Assurance décennale et obligations des maîtres d’ouvrage en marché public

La responsabilité décennale constitue un pilier fondamental du droit de la construction en France, imposant aux constructeurs une garantie de dix ans sur leurs ouvrages. Dans le cadre spécifique des marchés publics, cette obligation prend une dimension particulière pour les maîtres d’ouvrage publics qui doivent naviguer entre le Code de la commande publique et les dispositions du Code civil. La souscription d’une assurance décennale, bien que répondant à un impératif légal, soulève de nombreuses questions pratiques : quelles sont les spécificités de cette assurance dans le contexte des marchés publics ? Comment les maîtres d’ouvrage publics doivent-ils vérifier et contrôler les attestations d’assurance ? Quelles sont leurs responsabilités en cas de défaillance des constructeurs ?

Le cadre juridique de l’assurance décennale en marché public

L’assurance décennale trouve son fondement dans les articles 1792 et suivants du Code civil, qui instituent une présomption de responsabilité à l’encontre des constructeurs pour les dommages compromettant la solidité de l’ouvrage ou le rendant impropre à sa destination. Cette responsabilité s’applique pendant dix ans à compter de la réception des travaux.

Dans le contexte des marchés publics, cette obligation s’articule avec les dispositions du Code de la commande publique. L’article L. 2191-5 de ce code prévoit que les clauses du marché doivent préciser les modalités relatives aux assurances de responsabilité obligatoires. Le maître d’ouvrage public doit donc intégrer ces exigences dès la rédaction des documents contractuels.

La jurisprudence administrative a précisé l’étendue de cette obligation. Dans un arrêt du Conseil d’État du 8 février 2012 (n°351667), il a été jugé que le maître d’ouvrage public engage sa responsabilité s’il ne vérifie pas effectivement que les constructeurs sont couverts par une assurance décennale adaptée à l’opération.

Les textes applicables

Le cadre normatif de l’assurance décennale en marché public repose sur plusieurs textes fondamentaux :

  • Les articles 1792 à 1792-7 du Code civil qui définissent la responsabilité des constructeurs
  • La loi Spinetta du 4 janvier 1978 qui a instauré l’obligation d’assurance
  • Les articles L. 241-1 et suivants du Code des assurances qui précisent les modalités d’assurance
  • Le Code de la commande publique, notamment ses dispositions relatives aux garanties exigées des titulaires de marchés

L’articulation entre ces différents textes crée un système cohérent mais complexe, où le maître d’ouvrage public doit à la fois respecter les règles de la commande publique et s’assurer de la protection effective de l’ouvrage par les mécanismes assurantiels prévus par le droit commun.

La Cour de cassation a par ailleurs confirmé dans un arrêt du 10 septembre 2015 (n°14-17.039) que l’obligation d’assurance décennale est d’ordre public et qu’aucune clause contractuelle ne peut y déroger, y compris dans le cadre d’un marché public.

Les obligations du maître d’ouvrage en matière de vérification des assurances

La vérification des assurances constitue une obligation fondamentale du maître d’ouvrage public.

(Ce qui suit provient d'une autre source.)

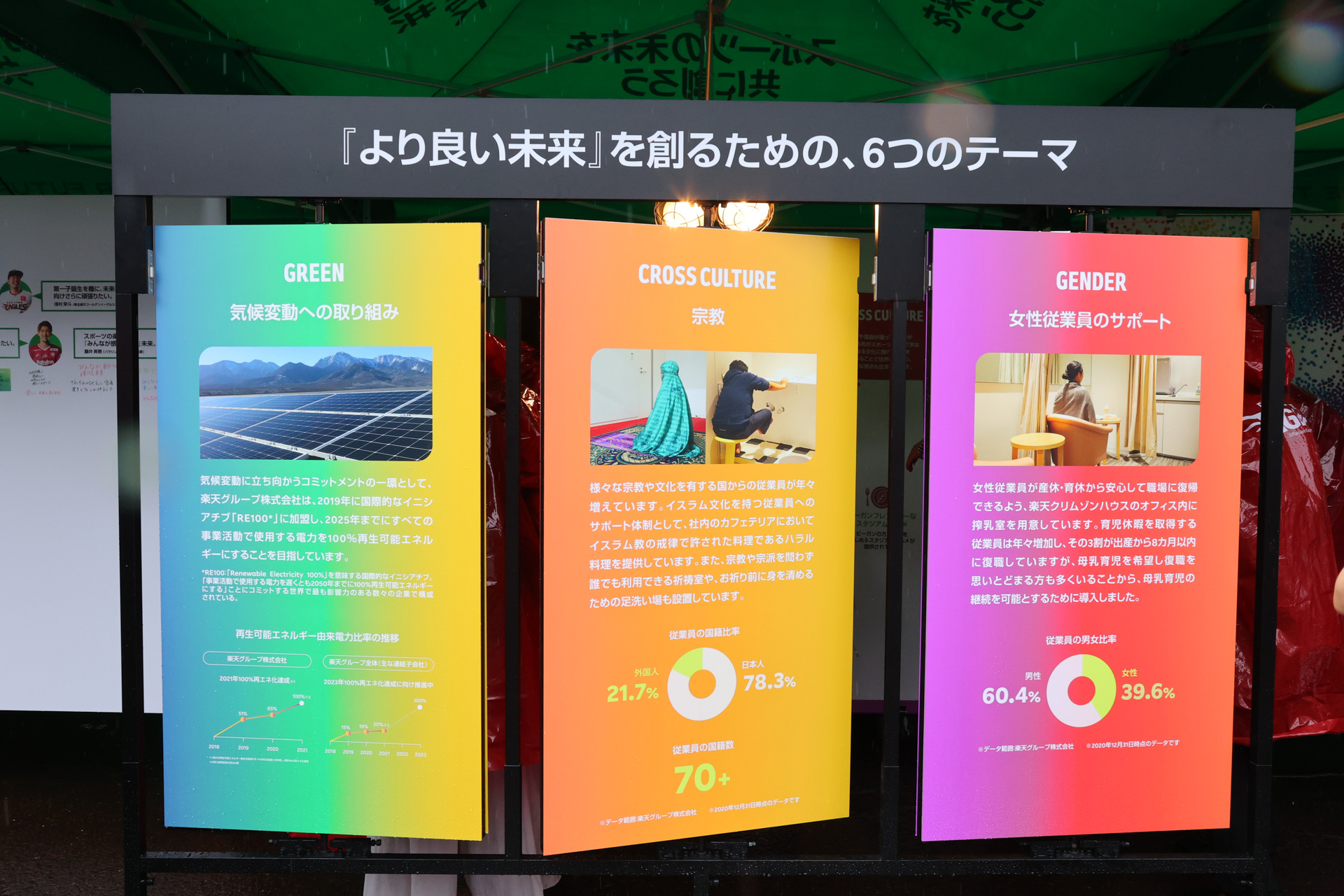 当日、会場の特設ブースでは、6つのテーマに分けてイベントやアクティビティ、展示が行われました。楽天グループが推進するダイバーシティ(LGBTQ+ / GENDER /PEOPLE WITH DISABILITIES / CROSS CULTURE / FAMILY)とGREEN(環境・社会・経済)について理解促進を図る狙いです。

Cette obligation s’exerce à différentes étapes du processus de passation et d’exécution du marché.

Lors de la phase de consultation, le maître d’ouvrage doit clairement indiquer dans les documents de la consultation (notamment le règlement de consultation et le cahier des clauses administratives particulières) l’obligation pour les candidats de disposer d’une assurance décennale. Il peut exiger la production d’attestations d’assurance comme condition de recevabilité des offres.

Au moment de l’attribution du marché, le maître d’ouvrage doit procéder à une vérification approfondie des attestations fournies. Cette vérification ne doit pas être formelle mais substantielle. Le Conseil d’État a, dans une décision du 17 octobre 2018 (n°408952), considéré qu’un maître d’ouvrage public avait commis une faute en ne s’assurant pas que l’attestation produite couvrait effectivement l’intégralité des travaux concernés.

Le contenu des vérifications à effectuer

Le maître d’ouvrage doit vérifier plusieurs éléments dans les attestations d’assurance :

  • La validité temporelle de l’assurance (dates d’effet et d’expiration)
  • L’adéquation entre l’activité déclarée et les travaux à réaliser
  • Les plafonds de garantie en relation avec le coût de l’ouvrage
  • Les éventuelles exclusions ou limitations de garantie
  • La mention explicite de la garantie décennale

La jurisprudence impose une vérification substantielle et non purement formelle. Dans un arrêt du 29 novembre 2017 (n°16-13.303), la Cour de cassation a jugé qu’un maître d’ouvrage avait manqué à son obligation en n’identifiant pas une exclusion de garantie qui rendait l’assurance ineffective pour l’opération concernée.

Durant l’exécution du marché, le maître d’ouvrage doit s’assurer que les assurances sont maintenues. Cette vigilance est particulièrement nécessaire pour les marchés de longue durée, où les polices d’assurance peuvent arriver à échéance avant la fin des travaux. Le maître d’ouvrage peut prévoir contractuellement la production périodique d’attestations actualisées.

Les spécificités de l’assurance décennale dans les marchés de travaux publics

Les marchés de travaux publics présentent des particularités qui influencent les modalités de mise en œuvre de l’assurance décennale. Ces spécificités tiennent tant à la nature des ouvrages qu’aux règles applicables à la commande publique.

La première particularité concerne la distinction entre ouvrages de bâtiment et ouvrages de génie civil. Si les premiers sont systématiquement soumis à l’obligation d’assurance décennale, les seconds bénéficient d’un régime plus souple. L’article L. 243-1-1 du Code des assurances exclut en effet certains ouvrages de génie civil de l’obligation d’assurance, sans pour autant exonérer les constructeurs de leur responsabilité décennale.

Pour les maîtres d’ouvrage publics, cette distinction implique une adaptation des exigences selon la nature de l’ouvrage. La jurisprudence a précisé cette distinction, notamment dans un arrêt de la Cour de cassation du 7 avril 2016 (n°15-14.888) qui a considéré qu’un réseau d’assainissement constituait un ouvrage de génie civil exclu de l’obligation d’assurance.

La question de l’auto-assurance des personnes publiques

Une autre spécificité tient à la possibilité pour les personnes publiques d’opter pour l’auto-assurance. Contrairement aux constructeurs privés, les maîtres d’ouvrage publics ne sont pas légalement tenus de souscrire une assurance dommages-ouvrage, bien que celle-ci soit fortement recommandée.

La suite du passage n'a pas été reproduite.